### RAW DATA

--

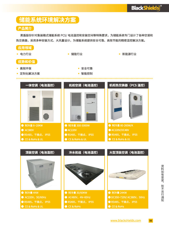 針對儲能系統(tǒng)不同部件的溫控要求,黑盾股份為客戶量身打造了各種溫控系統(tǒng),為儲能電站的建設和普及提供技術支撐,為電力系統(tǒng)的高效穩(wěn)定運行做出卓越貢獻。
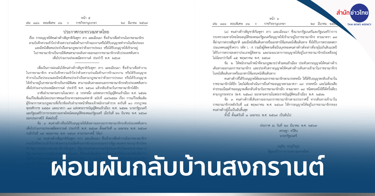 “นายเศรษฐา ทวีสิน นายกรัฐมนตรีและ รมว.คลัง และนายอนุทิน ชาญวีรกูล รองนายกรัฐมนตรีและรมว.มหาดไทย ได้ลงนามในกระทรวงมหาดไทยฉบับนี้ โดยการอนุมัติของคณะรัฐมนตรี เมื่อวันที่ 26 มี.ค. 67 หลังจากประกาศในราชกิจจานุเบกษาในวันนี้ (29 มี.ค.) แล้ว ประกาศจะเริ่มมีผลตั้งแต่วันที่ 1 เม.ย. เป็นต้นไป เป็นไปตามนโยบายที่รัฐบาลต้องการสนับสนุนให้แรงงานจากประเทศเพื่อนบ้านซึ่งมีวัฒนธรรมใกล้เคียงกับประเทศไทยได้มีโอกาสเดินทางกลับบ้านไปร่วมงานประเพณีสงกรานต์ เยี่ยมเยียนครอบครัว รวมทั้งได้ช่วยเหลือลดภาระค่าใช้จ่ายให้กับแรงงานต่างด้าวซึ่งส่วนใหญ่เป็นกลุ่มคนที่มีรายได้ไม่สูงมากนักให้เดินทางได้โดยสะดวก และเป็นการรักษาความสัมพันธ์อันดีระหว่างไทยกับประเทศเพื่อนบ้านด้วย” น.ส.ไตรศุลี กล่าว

--

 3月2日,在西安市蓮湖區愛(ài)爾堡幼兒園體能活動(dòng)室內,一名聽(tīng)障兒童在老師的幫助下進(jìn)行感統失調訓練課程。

--

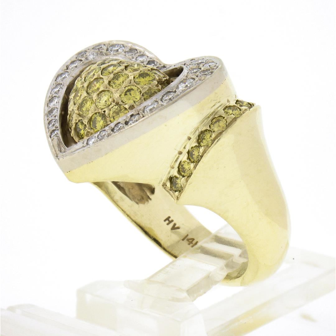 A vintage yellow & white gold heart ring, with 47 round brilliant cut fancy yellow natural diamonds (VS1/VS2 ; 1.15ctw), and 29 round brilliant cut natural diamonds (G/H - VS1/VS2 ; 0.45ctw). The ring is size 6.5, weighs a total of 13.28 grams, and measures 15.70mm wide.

--

### TASK GOAL
Copy needed, without pictures: the lines of the listing above from the line containing "針對儲能系統(tǒng)不同" up to and including the line containing "ทวีสิน นายกรัฐมนตรีและ รมว.คลัง", set down exactly.

### OUTPUT
 針對儲能系統(tǒng)不同部件的溫控要求,黑盾股份為客戶量身打造了各種溫控系統(tǒng),為儲能電站的建設和普及提供技術支撐,為電力系統(tǒng)的高效穩(wěn)定運行做出卓越貢獻。
 “นายเศรษฐา ทวีสิน นายกรัฐมนตรีและ รมว.คลัง และนายอนุทิน ชาญวีรกูล รองนายกรัฐมนตรีและรมว.มหาดไทย ได้ลงนามในกระทรวงมหาดไทยฉบับนี้ โดยการอนุมัติของคณะรัฐมนตรี เมื่อวันที่ 26 มี.ค. 67 หลังจากประกาศในราชกิจจานุเบกษาในวันนี้ (29 มี.ค.) แล้ว ประกาศจะเริ่มมีผลตั้งแต่วันที่ 1 เม.ย. เป็นต้นไป เป็นไปตามนโยบายที่รัฐบาลต้องการสนับสนุนให้แรงงานจากประเทศเพื่อนบ้านซึ่งมีวัฒนธรรมใกล้เคียงกับประเทศไทยได้มีโอกาสเดินทางกลับบ้านไปร่วมงานประเพณีสงกรานต์ เยี่ยมเยียนครอบครัว รวมทั้งได้ช่วยเหลือลดภาระค่าใช้จ่ายให้กับแรงงานต่างด้าวซึ่งส่วนใหญ่เป็นกลุ่มคนที่มีรายได้ไม่สูงมากนักให้เดินทางได้โดยสะดวก และเป็นการรักษาความสัมพันธ์อันดีระหว่างไทยกับประเทศเพื่อนบ้านด้วย” น.ส.ไตรศุลี กล่าว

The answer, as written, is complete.